"The groundwork of all happiness is health." - Leigh Hunt

Do you concentrate to what you eat? Here's tips on how to navigate mealtimes this holiday season

November 20, 2023 – Being with family and friends throughout the holidays could be joyful, unpleasant, or sometimes each. It's largely expected to overindulge around Thanksgiving and throughout the holidays. It's almost an American pastime to overeat this time of 12 months.

But what should you've lost extra weight and don't want to provide up your hard-earned progress? What should you were the just one with diabetes at a giant holiday dinner?

WebMD asked nutrition and diabetes experts for recommendations on overcoming these and other challenges. Not only do they explain best practices for avoiding overeating, but in addition tips on how to pass the serving dish without offending a guest or host or having to elucidate to everyone why you're skipping dessert.

“Many people find themselves in situations where they are surrounded by food, and it can be overwhelming when trying to stick to a weight management plan that includes portion control,” said Dr. Beverly Tchang, a medical weight management expert on the Comprehensive Weight Control Center at Weill Cornell Medicine in New York City.

Stick to your strengths. “Many people do better with the flexibility to indulge occasionally, while others find it's best to stay on track regardless of special events. “People should do what is best for them,” continued Tchang, who can also be a spokesman for the Obesity Society.

An ideal storm?

“Indulgent meals, large portions, holiday parties… it's no surprise that the holidays present even greater challenges to maintaining a healthy lifestyle than the rest of the year,” said Dr. Florencia Ziemke, obesity expert and nutrition, health and wellness advocate and founder and medical director of Evexia Medical in Jupiter, FL.
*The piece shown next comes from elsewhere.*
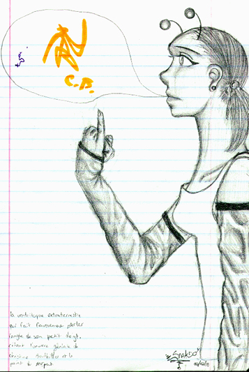 Petite historique: Titre: La ventriloque extraterrestre qui fait citer l'ongle de son petit doigt l'oeuvre géniale de Christine Bouthillier fait au marqueur orange ainsi que le point du serpent.

It's not only the oversupply of food. Less sleep and fewer exercise as a consequence of a busy schedule and the added stress of vacation planning and commitments can add to the challenge of staying healthy this time of 12 months.

“When combined, these factors appear to be an inevitable recipe for weight gain,” said Ziemke, who can also be a spokesman for the Obesity Society. The average adult in Western societies gains about 1 to 2 kilos per 12 months, and most of it's weight reduction over the vacation season.

Reaction to “Food Pushers”

A superb place to begin is to enter holiday gatherings with a game plan, Ziemke said. Avoid appearing hungry, order first and lead by example, eat slowly and take a break between each bite, for instance.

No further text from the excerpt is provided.